Further benefits of my design are that it has cues of the digits five and two that are the prime factors producing the number ten. As well as the turned digit two derived from the Pitman turned two, it contains a reversed digit five. Another effect is that a horizontal line and a closed curve suggest the numerals one and zero of the number ten in decimal format joined together and written vertically. This may increase subliminal identification in a transition from decimal to dozenal notation.

In summary, my design for the numeral ten for dozenal numbers satisfies the following inclusively:

The initial letter t of the word ten from the Pitman turned two;
The initial letter d of the morpheme dec or dek for ten;
The tenth letter J of the alphabet;
The letter a in lower case double story style from IBM “computerese”, often used for the numeral ten in hexadecimal numbers;
The decimal digits 1 and 0 forming the number ten in decimal format joined together and written vertically one under the other; and
The digits for the prime numbers two and five of which the number ten is composed as the product.

Dozenal Forum

There is a certain dozenal forum that currently has forty-three topics and 151 posts.

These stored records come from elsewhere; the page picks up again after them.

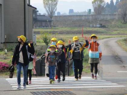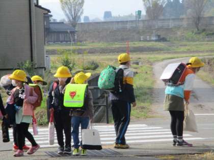 山本方面から登校する子供たちは、信号のない横断歩道で停止した車のドライバーに必ずお辞儀をします。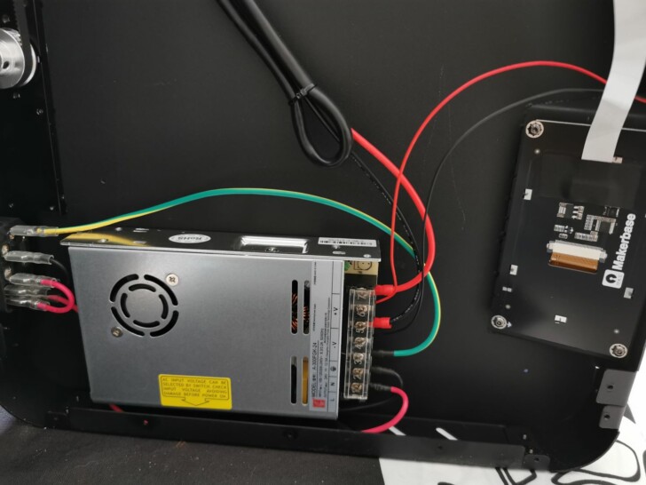 L’imprimante est équipée d’une alimentation 24V de 12.5A soit 300W, ce qui me semble un peu juste compte tenu du plateau chauffant 24V supportant 100°C et la buse 300°C. Mais le plus surprenant est que cette dernière est deux fois plus compacte que l’alimentation 24V 360W d’une FLsun SR par exemple.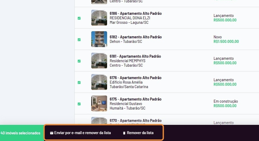 - Você poderá selecionar individualmente ou selecionar todos na caixinha de selação ao lado de "Imóvel".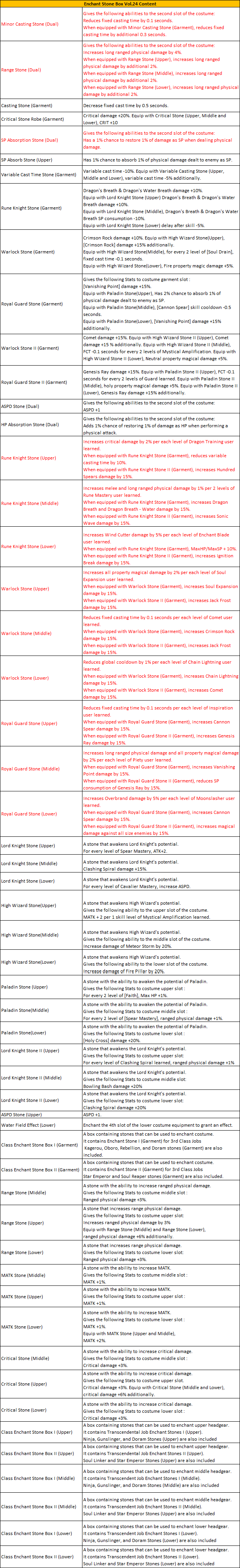 Bring your new costumes to Designer Heidam in Malangdo and you can receive Enchant Stone Box Vol.24.When you've received the effect stones, speak to Gurjio Gurmani to use it.Click here for new costumes.Enchant Stone Box Table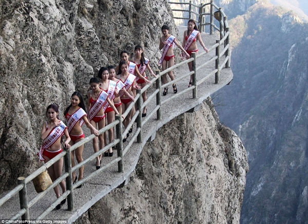 Các cô gái đã phải gạt đi nỗi sợ hãi về độ cao khi họ buộc phải trình diễn thời trang dọc theo một lối đi nhỏ hẹp trên sườn núi có độ cao 2.000m so với mặt đất trong bộ bikini màu đỏ và giày cao gót đen trong “thử thách điềm tĩnh”, phần thi quan trọng của một cuộc thi sắc đẹp ở Trung Quốc.
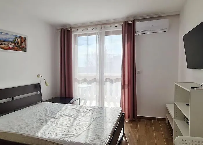 Açık havuza sahip olan Studia V Luchshem Complexe Na Solnechnom Beregu Daire dairesi, Sunny Beach Central Eğlence Parkı'dan 1 kilometre uzaklıktadır. Daire, Cacao Plajı'a 2 km uzaklıktadır.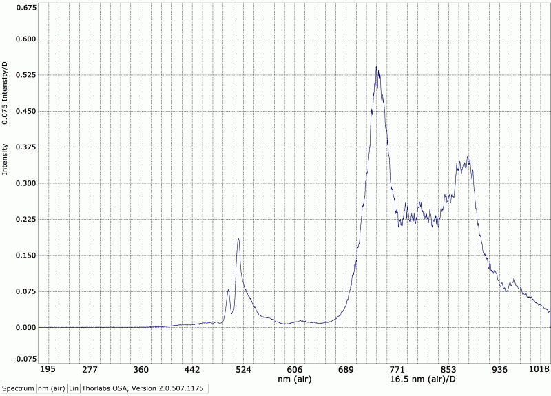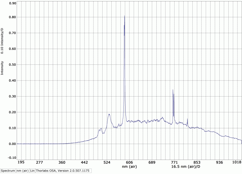 Figure 1: Verre soda-lime. Les positions des pics spectroscopiques correspondent aux émissions de divers constituants. Les positions des pics à  496nm, 503nm, 532nm, 589nm (un gros étroit indiquant la présence du Na dans ce type de verre), un doublet d’émission avec doublet à 766nm et 769nm ( indiquant la présence du K dans ce type de verre) ainsi qu’un pic étroit à 818nm.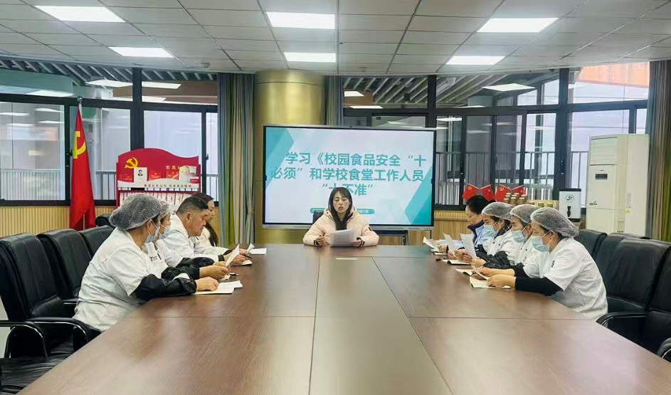 全体食堂工作人员人员集中学习了《校园食品安全“十必须”》《学校食堂工作人员“十不准”》文件精神,明确食品安全规范与行为准则,要求大家严格执行、严守安全底线,并围绕日常操作、食材储存、营养搭配等梳理流程、细化责任,确保各项要求落到实处。

Posts include the topic of dozenal directions from Monday 21st September 2020 last year, where the main author on that forum proposed a system of dozenal compass directions whereby directions that are a twelfth of a turn from a cardinal direction are indicated by the word “of” between the names of two adjacent cardinal directions, with the direction after the word “of” being the angularly nearer of the cardinal directions. The abbreviation proposed was “XoY”, where X and Y are the initials of the cardinal directions. The system was extended to indication of quarter twelfths of a turn and preserves by incorporation the existing conventional scheme of binary divisions in compass directions.

Another topic in the forum is a proposal for a dozenal metrological system that preserves as much as possible existing units of measurement of the decimal metric international system reframed dozenally. The system allows existing decimal metric measurements and their units to be more easily converted mentally without the aid of calculational devices to dozenal than to any other dozenal system because it is so constructed that the conversions require only shifting decimal points or dozenal fractional points, apart from the conversion of numbers from base ten to base twelve. The most recent post under this topic was on Friday 12th February 2021 this year. The topic was started in the forum on Sunday 15th September 2019, but contains principles which were conceived and published earlier, for example the unit of time and the consequent unit of length leading to area and volume derived from it were communicated on the DozensOnline forum on Saturday 21st January 2017, and stated to have been conceived the previous year and can be read at the webpage address https://www.tapatalk.com/groups/dozensonline/all-your-base-are-belong-to-us-t1615.html#p40005757. The unit of mass was mentioned on Friday 28th April 2017 at https://www.tapatalk.com/groups/dozensonline/requirements-for-implementation-of-uncial-t1591.html#p40009356. The unit of temperature was mentioned on Monday 12th June 2017 at https://www.tapatalk.com/groups/dozensonline/requirements-for-implementation-of-uncial-t1591-s24.html#p40010490. There is a table for conversion from decimal metric to the dozenal system with hundreds of units of measurement.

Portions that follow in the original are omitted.